How to plot an animated matrix in matplotlib

Question

I need to do step by step some numerical calculation algorithms visually, as in the figure below: (gif)

Font

How can I do this animation with matplotlib? Is there any way to visually present these transitions? As transformation of matrices, sum, transposition, using a loop and it presenting the transitions etc. My goal is not to use graphics but the same matrix representation. This is to facilitate the understanding of the algorithms.

Answer 1

Since matrices can be plotted easily with imshow, one could create such table with an imshow plot and adjust the data according to the current animation step.

import numpy as np
import matplotlib.pyplot as plt
import matplotlib.ticker as mticker
import matplotlib.animation

#####################
# Array preparation
#####################

#input array
a = np.random.randint(50,150, size=(5,5))
# kernel
kernel = np.array([[ 0,-1, 0], [-1, 5,-1], [ 0,-1, 0]])

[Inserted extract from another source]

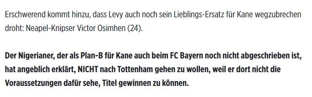 무관에서 벗어나고자 케인이 클럽을 떠나려고 하는 가운데 토트넘이 케인 대체자로 낙점한 오시멘도 우승 가능성이 낮다는 이유로 이적을 원치 않으면서 토트넘과 케인을 원하는 뮌헨 모두 고심에 빠졌다.

# visualization array (2 bigger in each direction)
va = np.zeros((a.shape[0]+2, a.shape[1]+2), dtype=int)
va[1:-1,1:-1] = a

#output array
res = np.zeros_like(a)

#colorarray
va_color = np.zeros((a.shape[0]+2, a.shape[1]+2)) 
va_color[1:-1,1:-1] = 0.5

#####################
# Create inital plot
#####################
fig = plt.figure(figsize=(8,4))

def add_axes_inches(fig, rect):
    w,h = fig.get_size_inches()
    return fig.add_axes([rect[0]/w, rect[1]/h, rect[2]/w, rect[3]/h])

axwidth = 3.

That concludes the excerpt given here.